The second and third properties mean that all our theoretical results apply in the practical case where one uses gradient ascent to maximize the metric learning objective. While not all metric learning objectives enjoy good statistical power, we design an objective based on ℓ1 kernels that does exhibit favorable power: it recovers (i) main effects with n∼logp samples, (ii) hierarchical interactions with n∼logp samples and (iii) order-s pure interactions with n∼p^{2(s−1)}logp samples.

• Thursday, April 29, 2021 [Link to join]

• Speaker: Thorsten Dickhaus (University of Bremen)

• Title: Randomized p-values in replicability analysis

• Abstract: We will be concerned with testing replicability hypotheses for many endpoints simultaneously. This constitutes a multiple test problem with composite null hypotheses. Traditional p-values, which are computed under least favourable parameter configurations (LFCs), are over-conservative in the case of composite null hypotheses. As demonstrated in prior work, this poses severe challenges in the multiple testing context, especially when one goal of the statistical analysis is to estimate the proportion $\pi_0$ of true null hypotheses. We will discuss the application of randomized p-values in the sense of [1] in replicability analysis. By means of theoretical considerations as well as computer simulations, we will demonstrate that their usage typically leads to a much more accurate estimation of $\pi_0$ than the LFC-based approach. Furthermore, we will draw connections to other recently proposed methods for dealing with conservative p-values in the multiple testing context. Finally, we will present a real data example from genomics. The presentation is based on [2] and [3].

• Links: [Relevant papers: paper #1, paper #2, paper #3]

• Thursday, June 3, 2021 [Link to join]

• Speakers: Xinping Cui (UC Riverside) and Haibing Zhao (Shanghai University of Finance and Economics)

• Title: Constructing confidence intervals for selected parameters

• Abstract: In large‐scale problems, it is common practice to select important parameters by a procedure such as the Benjamini and Hochberg procedure and construct confidence intervals (CIs) for further investigation while the false coverage‐statement rate (FCR) for the CIs is controlled at a desired level. Although the well‐known BY CIs control the FCR, they are uniformly inflated. In this paper, we propose two methods to construct shorter selective CIs. The first method produces shorter CIs by allowing a reduced number of selective CIs. The second method produces shorter CIs by allowing a prefixed proportion of CIs containing the values of uninteresting parameters. We theoretically prove that the proposed CIs are uniformly shorter than BY CIs and control the FCR asymptotically for independent data. Numerical results confirm our theoretical results and show that the proposed CIs still work for correlated data.
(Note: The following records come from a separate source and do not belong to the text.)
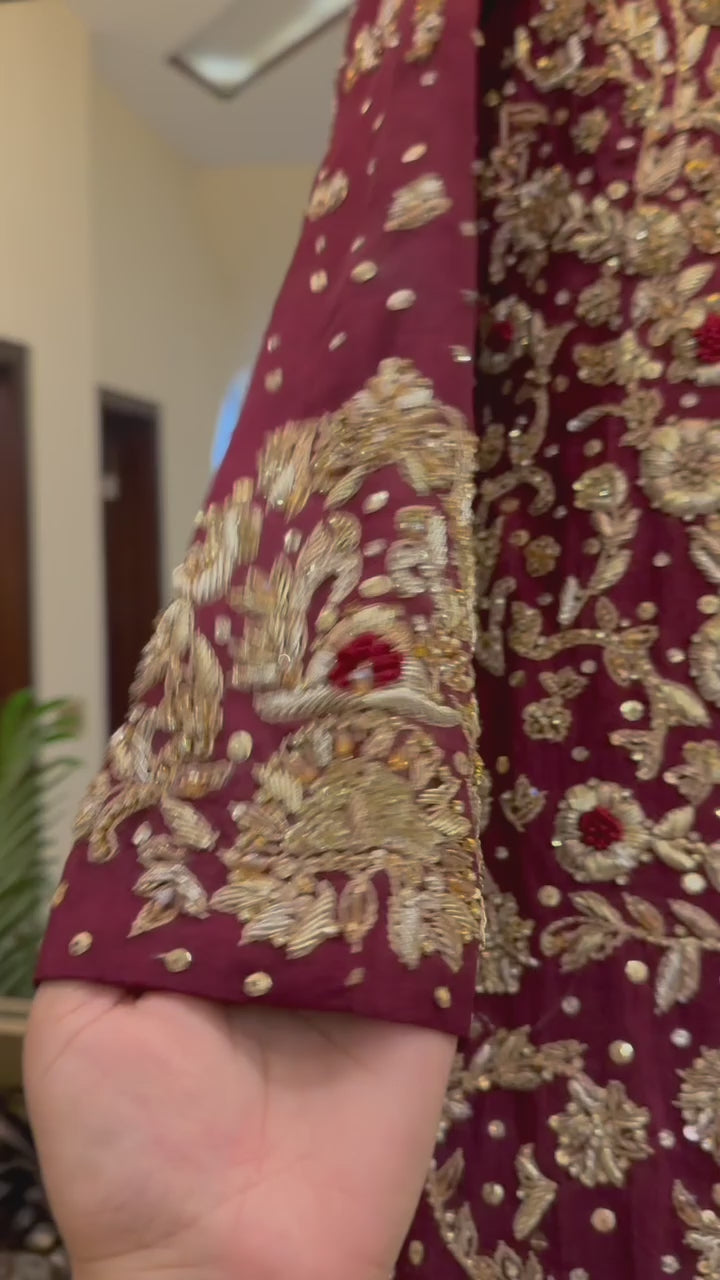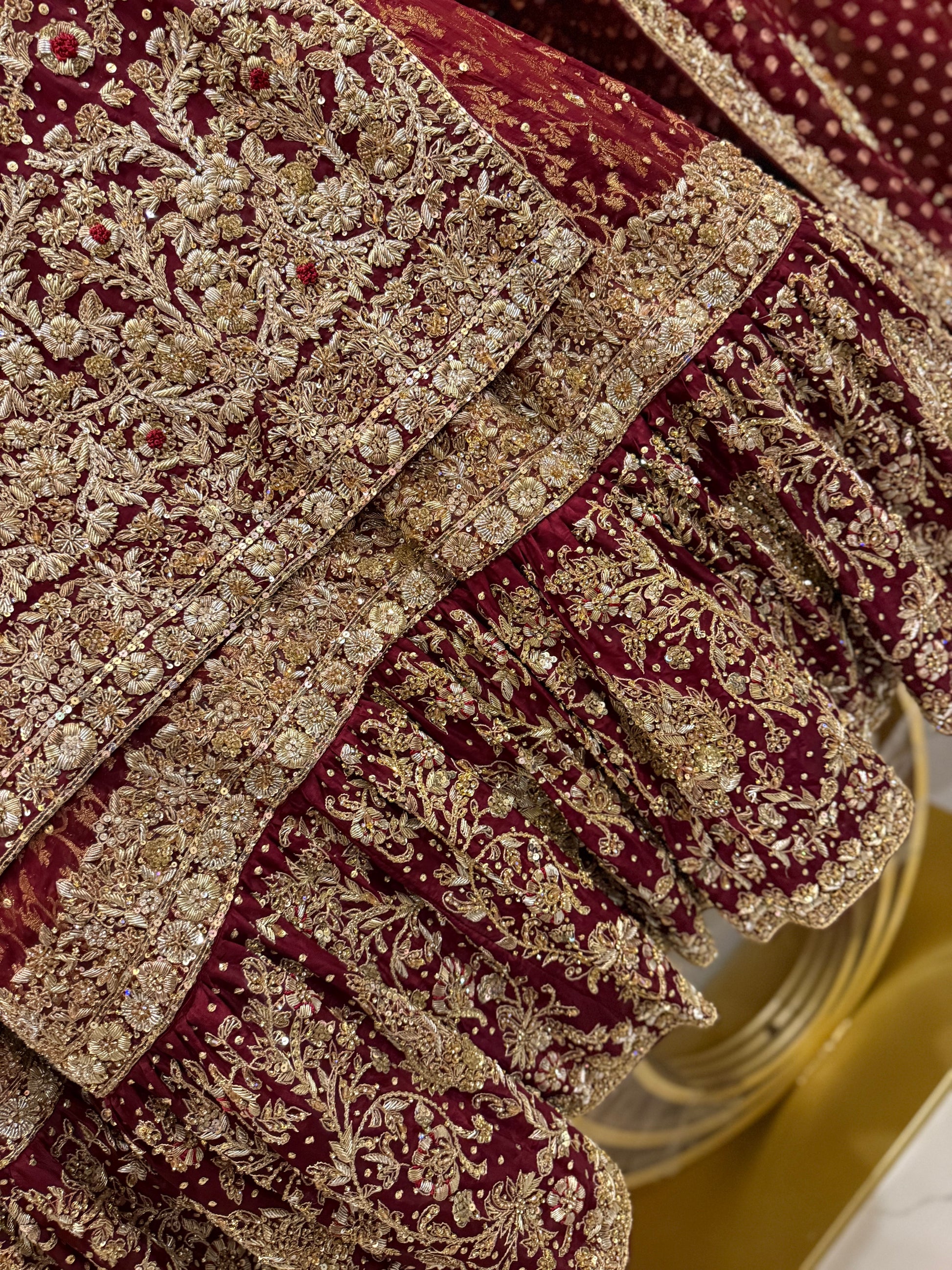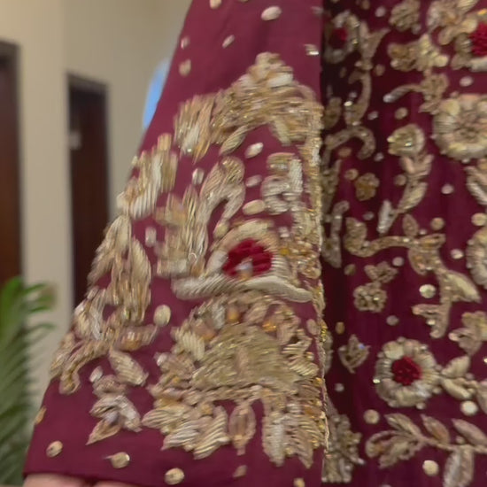 Step into timeless elegance with this luxurious bridal lehenga set, crafted from Tassel silk and jamawar fabrics. The deep maroon ensemble is richly adorned with intricate antique gold zari and sequin embroidery, exuding royal charm. It features a heavily embellished long shirt, a flared brocade lehenga, and a matching dupatta with ornate borders. Perfect for brides seeking a regal and traditional look for their wedding day or special occasions
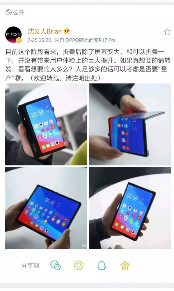 值得重视的是,在华为发布折叠屏手机不久后,OPPO副总裁沈义人也在交际媒体上发布了OPPO的“折叠屏手机”——假如想要的人够多能够考虑“量产”。原因是他以为现阶段的处理方法不适合作为一个消费级产品的运用处理方案,关于手机职业来说,这可不仅仅是换一个屏幕的工作。
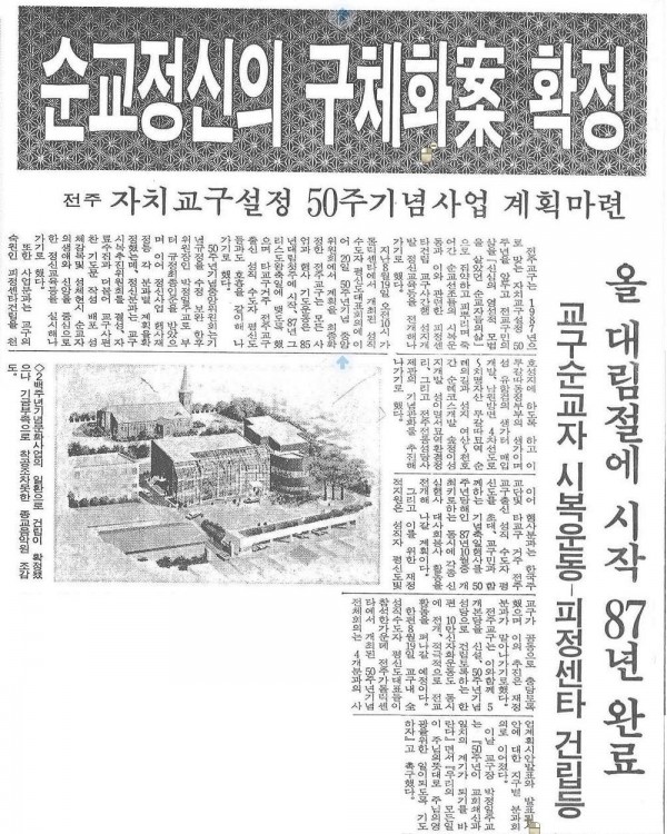 이전글 다음글 목록 SNS 공유하기 1985년 09월 01일자 전주 자치교구 설정 50주년 기념사업 계획 마련 페이지 정보 작성일2009-07-10 조회 2,526회 본문 * 이미지를 클릭하시면 크게 보실 수 있습니다.
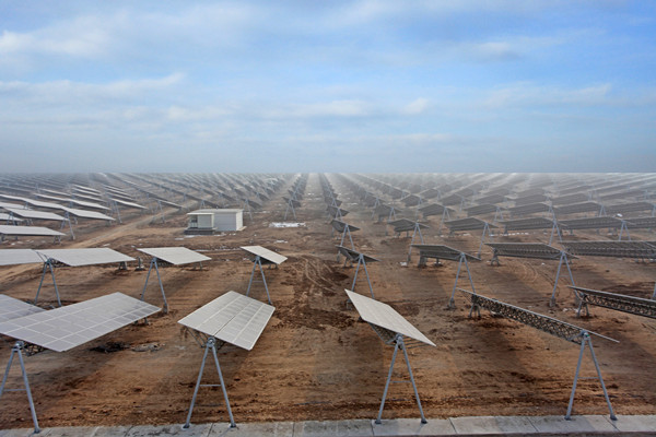 寧夏中衛(wèi)并網(wǎng)光伏電站總規(guī)模:太陽能光伏電池組件裝機容量共60MWp,一二期電站工程采用恩菲自主研發(fā)的8°角斜單軸智能柔性聯(lián)動追日跟蹤系統(tǒng),于2011年12月并網(wǎng)并投入運營;三期電站工程采用固定式支架安裝方式,于2013年1月并網(wǎng)并投入運營。
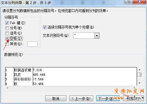 然后,就會看到結(jié)果,但是結(jié)果不是我們想要的格式。我們就在數(shù)據(jù)——分列把數(shù)據(jù)變換一下。
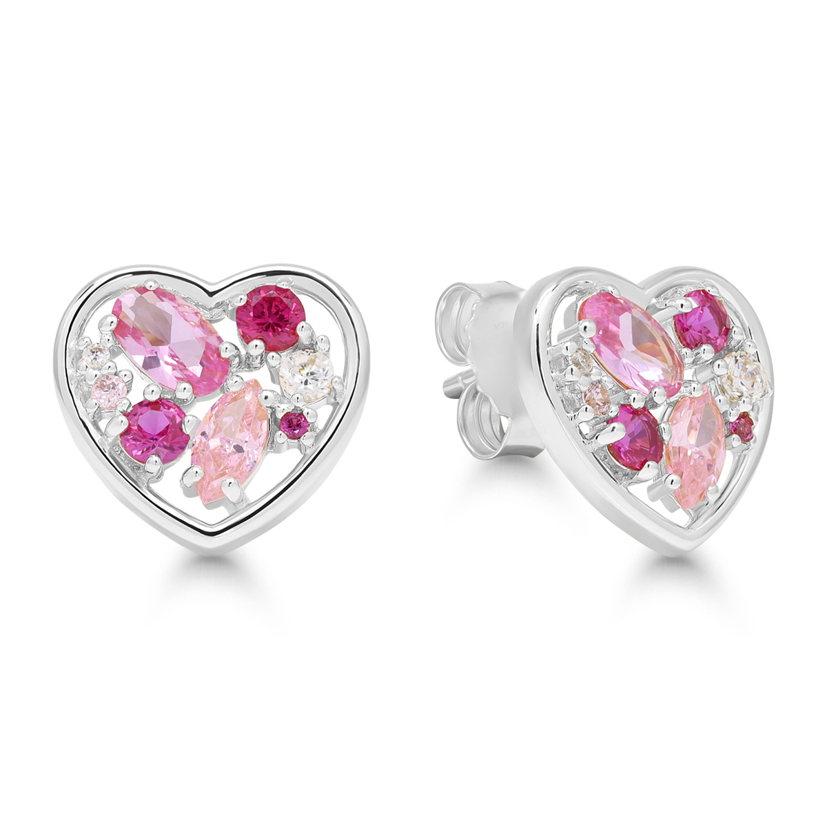 Südamekujulised hõbedased kõrvarõngad kollektsioonist Beat of Love, milles on punased rubiinid ja eri värvi roosad sünteetilised safiirid ning valged tsirkoonid.
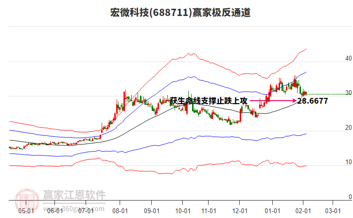 依據(jù)贏家江恩系統(tǒng)趨勢工具極反通道分析判斷宏微科技688711運行在生命線以下弱勢區(qū)域,根據(jù)規(guī)則該股短線輕倉參與,股價跌至弱勢外軌線后波段再結(jié)合其它工具信號建倉。應(yīng)用口訣是:生命線上強(qiáng)勢走,生命線下難抬頭;紅黃兩條外軌線,壓力支撐顯勢頭。
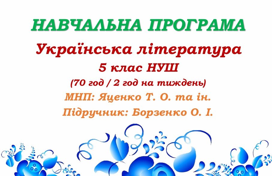 Зміст навчальної програми забезпечує підручник «Українська література. 5 клас»(автор: Борзенко О. І. Українська література: підручник для 5 класу закл. загальн. середн. освіти. – Харків: «Ранок», 2022).
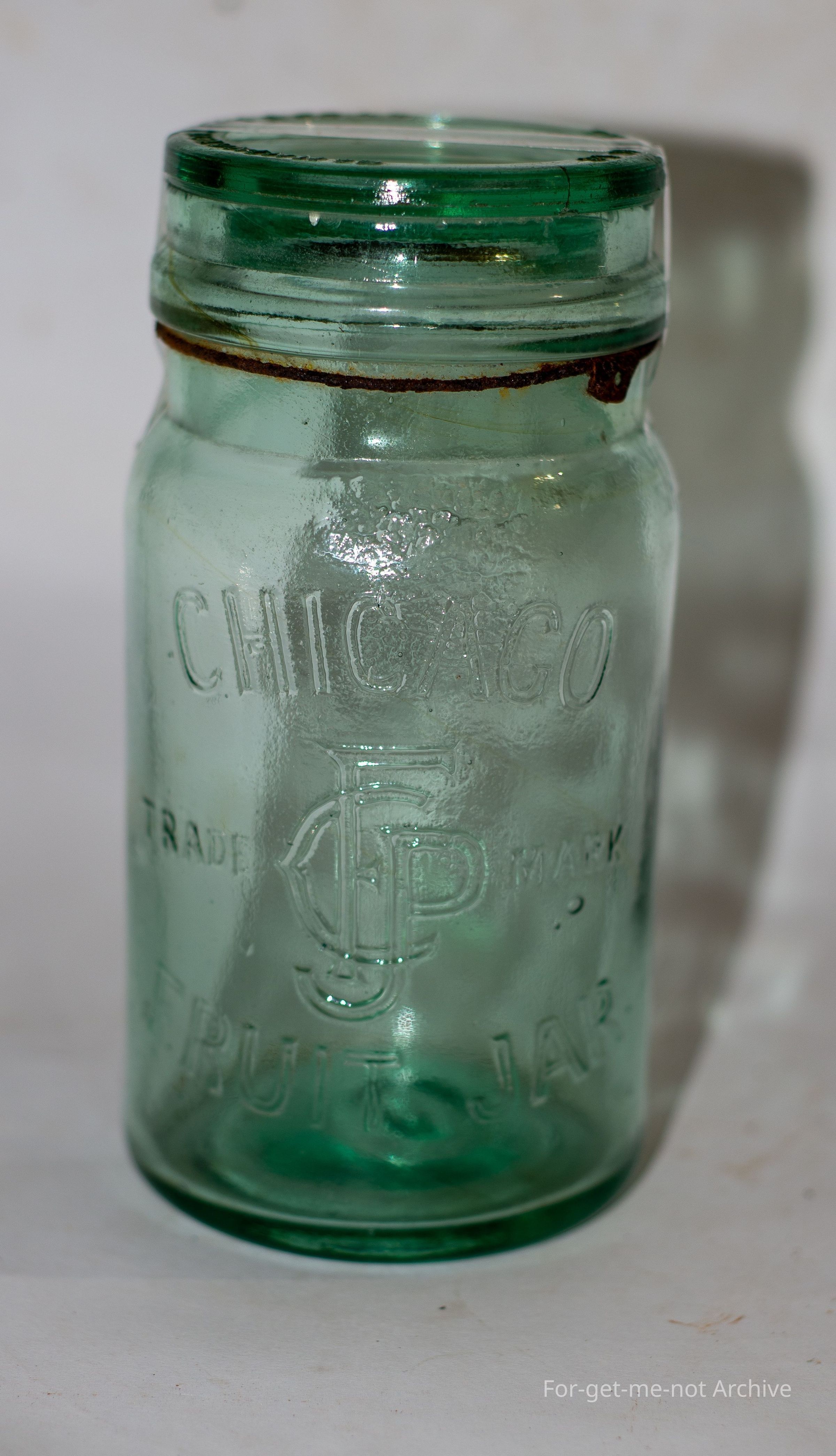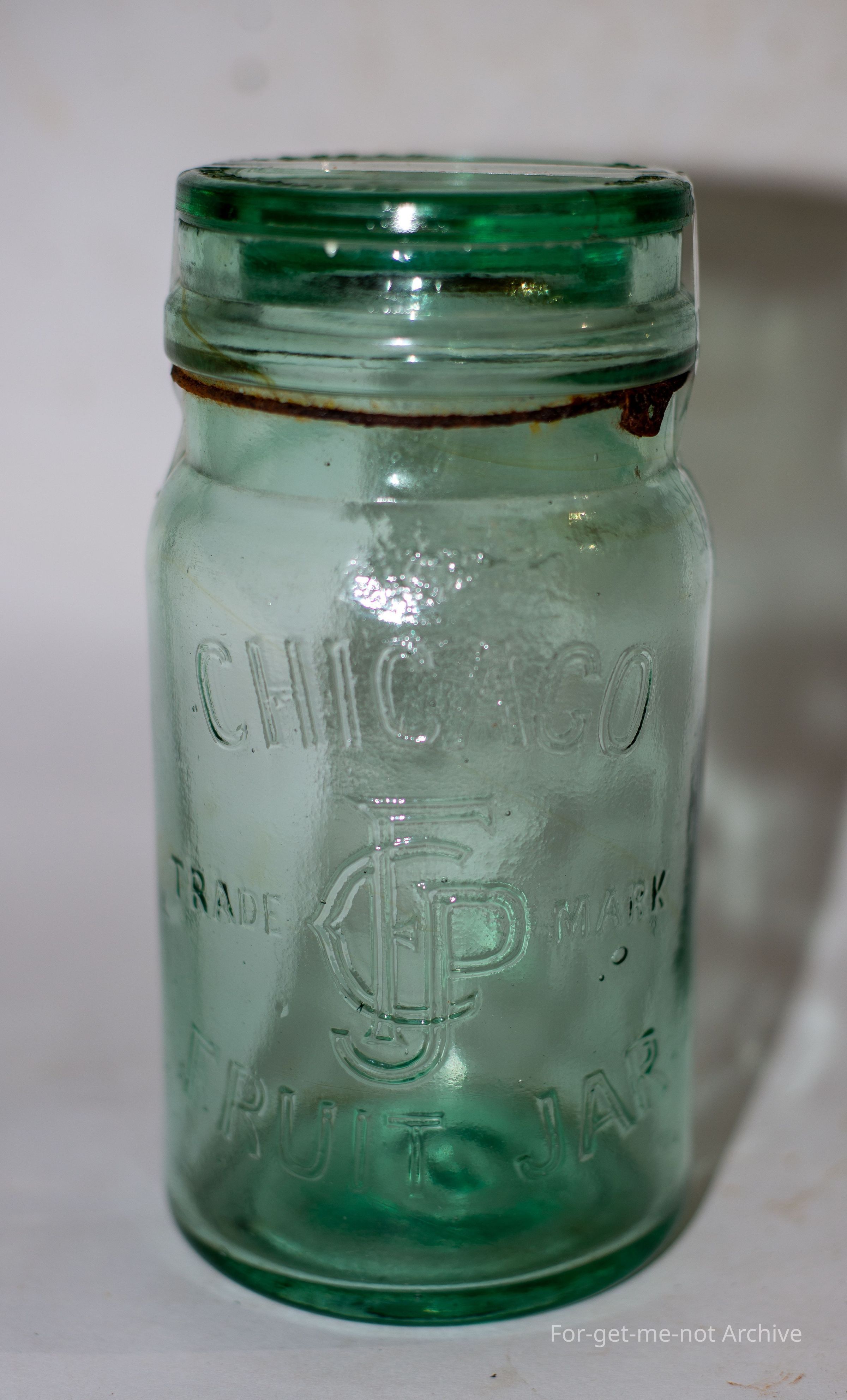 Chicago fruit jar with monogramed CFPJ Chicago Fruit Preserving Jar, glass lid small size
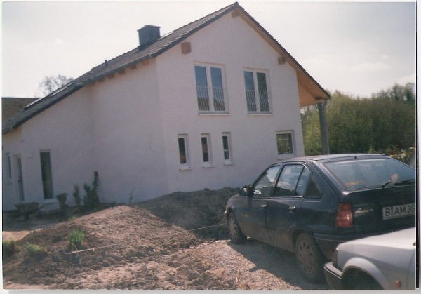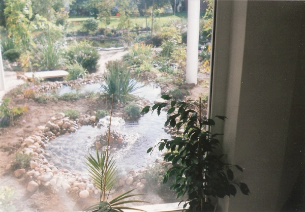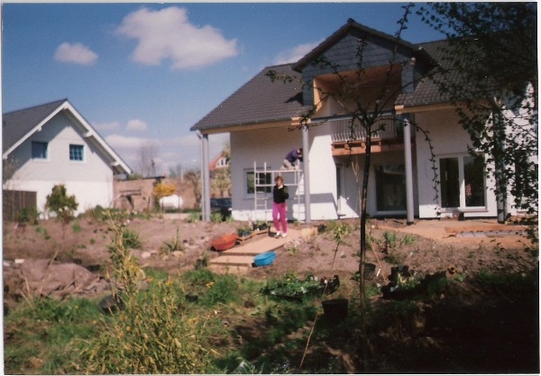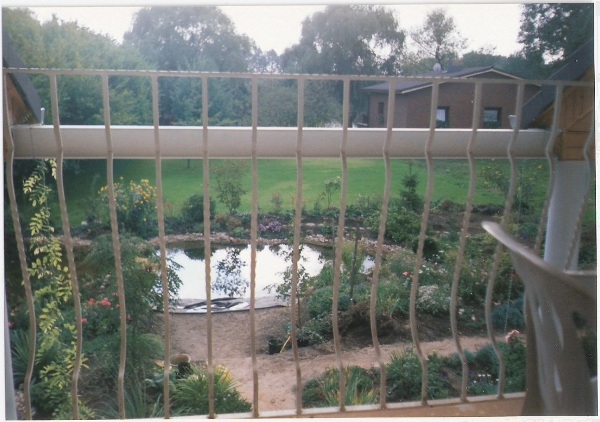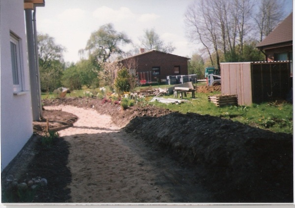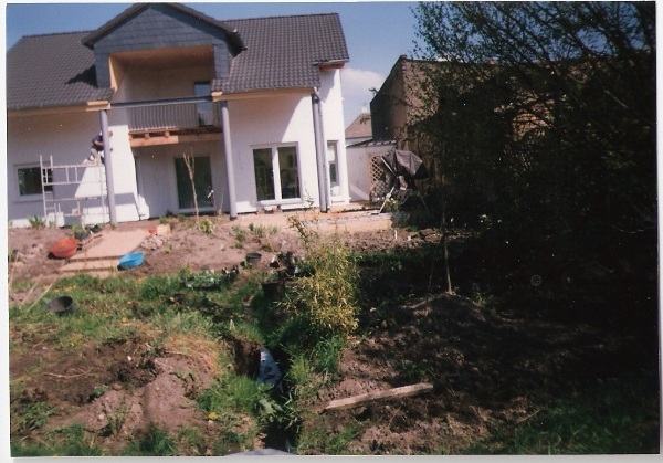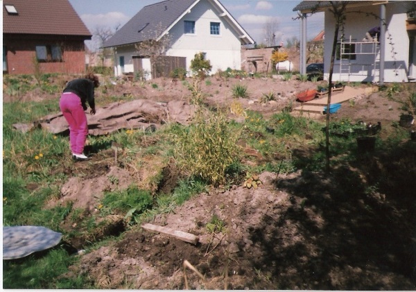 …und die Nachbarhäuser sind noch ganz nahe, von Geborgenheit keine Spur… Dort wo jetzt noch die Abdeckplane liegt, entsteht wenig später der große Teich, Der in Handarbeit ausgehobene Teich ist fast fertig. Für die Gestaltung des Randes und des

We illustrate the advantage of the proposed procedures by analyzing the microarray data from a HIV study.

• Links: [Relevant papers: paper #1]

## Format

The seminars are held on Zoom and last 60 minutes:

• 45 minutes of presentation

• 15 minutes of discussion, led by an invited discussant

Moderators collect questions using the Q&A feature during the seminar.

## How to join

You can attend by clicking the link to join (there is no need to register in advance).

More instructions for attendees can be found here.

## Organizers

If you have feedback or suggestions or want to propose a speaker, please e-mail us at selectiveinferenceseminar@gmail.com.

## What is selective inference?

Broadly construed, selective inference means searching for interesting patterns in data, usually with inferential guarantees that account for the search process. It encompasses:

• Multiple testing: testing many hypotheses at once (and paying disproportionate attention to rejections)

• Post-selection inference: examining the data to decide what question to ask, or what model to use, then carrying out one or more appropriate inferences

• Adaptive / interactive inference: sequentially asking one question after another of the same data set, where each question is informed by the answers to preceding questions

• Cheating: cherry-picking, double dipping, data snooping, data dredging, p-hacking, HARKing, and other low-down dirty rotten tricks; basically any of the above, but done wrong!